• [GIVEN DATA]

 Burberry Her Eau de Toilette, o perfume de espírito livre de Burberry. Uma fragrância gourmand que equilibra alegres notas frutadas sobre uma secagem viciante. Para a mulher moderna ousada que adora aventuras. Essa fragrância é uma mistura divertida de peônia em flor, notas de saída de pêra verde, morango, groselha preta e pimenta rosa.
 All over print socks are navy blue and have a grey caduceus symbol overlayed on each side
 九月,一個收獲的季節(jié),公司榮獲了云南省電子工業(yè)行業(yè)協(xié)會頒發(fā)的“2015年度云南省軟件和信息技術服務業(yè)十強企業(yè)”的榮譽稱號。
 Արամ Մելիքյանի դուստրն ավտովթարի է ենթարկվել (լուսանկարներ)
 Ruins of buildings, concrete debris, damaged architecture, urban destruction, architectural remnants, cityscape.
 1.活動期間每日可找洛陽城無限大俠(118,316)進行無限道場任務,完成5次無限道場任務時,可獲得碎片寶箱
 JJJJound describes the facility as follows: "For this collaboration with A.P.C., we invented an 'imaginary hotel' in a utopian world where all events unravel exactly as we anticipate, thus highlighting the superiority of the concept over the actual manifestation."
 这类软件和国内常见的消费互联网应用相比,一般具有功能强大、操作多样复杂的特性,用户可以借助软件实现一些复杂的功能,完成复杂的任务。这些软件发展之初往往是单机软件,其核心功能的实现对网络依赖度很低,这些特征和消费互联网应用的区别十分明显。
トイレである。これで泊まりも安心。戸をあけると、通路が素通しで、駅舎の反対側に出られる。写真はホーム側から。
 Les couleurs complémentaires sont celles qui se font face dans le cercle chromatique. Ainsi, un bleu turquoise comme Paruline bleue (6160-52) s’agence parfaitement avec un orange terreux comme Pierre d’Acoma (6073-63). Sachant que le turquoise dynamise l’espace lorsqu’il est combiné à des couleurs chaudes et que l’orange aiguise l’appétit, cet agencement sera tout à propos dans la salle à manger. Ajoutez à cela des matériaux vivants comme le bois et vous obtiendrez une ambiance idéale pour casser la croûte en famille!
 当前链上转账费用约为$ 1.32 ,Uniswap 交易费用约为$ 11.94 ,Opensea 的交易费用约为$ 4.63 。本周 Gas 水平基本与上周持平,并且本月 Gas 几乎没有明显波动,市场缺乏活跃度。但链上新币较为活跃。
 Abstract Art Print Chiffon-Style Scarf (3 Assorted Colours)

• [BRIEF] Could you restate word for word the lines above from the one containing "Արամ Մելիքյանի դուստրն" through the one containing "トイレである。これで泊まりも", both included, and nothing else?

• [YOUR SOLUTION]
 Արամ Մելիքյանի դուստրն ավտովթարի է ենթարկվել (լուսանկարներ)
 Ruins of buildings, concrete debris, damaged architecture, urban destruction, architectural remnants, cityscape.
 1.活動期間每日可找洛陽城無限大俠(118,316)進行無限道場任務,完成5次無限道場任務時,可獲得碎片寶箱
 JJJJound describes the facility as follows: "For this collaboration with A.P.C., we invented an 'imaginary hotel' in a utopian world where all events unravel exactly as we anticipate, thus highlighting the superiority of the concept over the actual manifestation."
 这类软件和国内常见的消费互联网应用相比,一般具有功能强大、操作多样复杂的特性,用户可以借助软件实现一些复杂的功能,完成复杂的任务。这些软件发展之初往往是单机软件,其核心功能的实现对网络依赖度很低,这些特征和消费互联网应用的区别十分明显。
トイレである。これで泊まりも安心。戸をあけると、通路が素通しで、駅舎の反対側に出られる。写真はホーム側から。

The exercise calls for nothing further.